If there is a change we will sell the ETF that leaves the top 2 and buy the ETF that
enters the top 2. Some months nothing changes, some months only one changes out
and some months both change out.

Percentage Returns
Year ETF Strategy vs S & P 500 Index
1998 41.80 vs 26.67
1999 61.73 vs 19.53
2000 -2.25 vs -10.14
2001 -3.09 vs -13.04
2002 -14.09 vs -23.37
2003 43.43 vs 26.38
2004 12.08 vs 8.99
2005 -1.89 vs 3.00
2006 13.28 vs 13.62
2007 6.77 vs 3.53
2008 -41.00 vs -38.49
2009 21.29 vs 23.45
2010 16.97 vs 12.78
2011 7.97 vs 5.94 (through 4/01/2011)

Average return 9.14 vs 2.42

Average 10 trades per year and average holding time of 70 days.


----------



## xxx (23 October 2016)

minwa said:


> IVE, QQQ, SPY, MDY, IJS, IJT and IWM
> 
> Choose to buy and hold the 2 (only 2 of the small list below) that have the highest
> current annual performance. We will check that annual performance at the
> ...





Hi,
I'm working at the same program.

But I would like to buy not each month the 5 best ones. I would like to buy every third month the 5 best ones.
Could you help me with this? 

I tried to do it like my code but it does not work.

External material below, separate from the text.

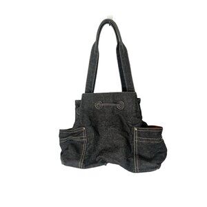 Tommy Hilifiger Denim Drawstring Bucket Style Shoulder Bag Y2K 00s Gray Black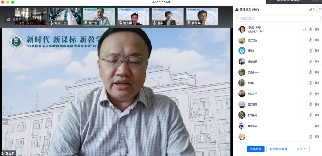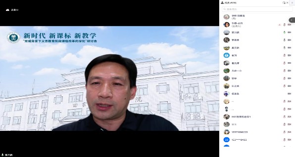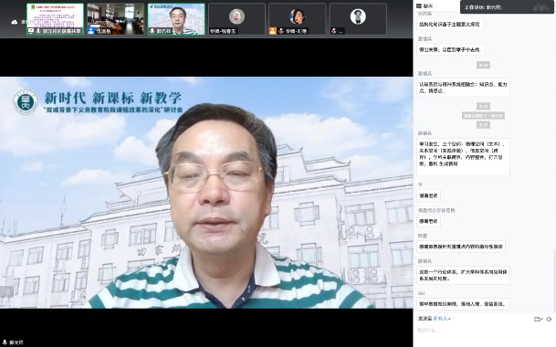 华中师范大学副校长夏立新教授向参与此次活动的学者专家们表示衷心的感谢,向云参与的来自全国各地的学者、一线教师和学生表示最热烈的欢迎。夏校长指出,新修订的义务教育课程方案和课程标准从国家层面厘清了育人目标、进一步明确了改革方向。准确理解和把握新课程方案和课程标准的精神,深化义务教育课程与教学的改革,构建双减背景下核心素养导向的教学结构或学习的形态,是本次研讨会的指导精神。

this is my code - could you reread it?
I would be very happy about help.

_SECTION_BEGIN("TTTT");


SetTradeDelays (0,0,0,0);

SetBacktestMode(backtestRotational);

SetOption("UsePrevBarEquityForPosSizing", True); // use previous bar opening equity to perform position sizing
SetOption("MinShares", 1); // minimum number of shares required to open the position in the backtester
SetOption("AllowPositionShrinking", True);
SetOption("AccountMargin",100); // Gewinnmarge 100 = keine Begrenzung

MaxOpenPositions = 5;
SetOption("WorstRankHeld", MaxOpenPositions ); // worst rank of symbol to be held in trading mode
SetOption("MaxOpenPositions", MaxOpenPositions);
SetOption("SeparateLongShortRank", True );
SetOption("MaxOpenLong", 5); // 5 beste Aktien raussuchen
SetOption("MaxOpenPositions",5);

newMonth = Month() != Ref(Month(), -1);


Nmonths = 3;

rotate = newMonth AND Cum(newmonth) % Nmonths==0;

perf = TimeFrameGetPrice("O", inMonthly, -1); // get monthly Open price 1 month ago
perf1 = TimeFrameGetPrice("O", inMonthly, -2); // get monthly Open price 2 month ago


score= 100*((perf- perf1)/perf1) + 100;

PositionSize = -100/MaxOpenPositions;

PositionScore = IIf(rotate,PositionScore,scoreNoRotate);
// scoreNoRotate = already open trades should be kept and no new trades entered


----------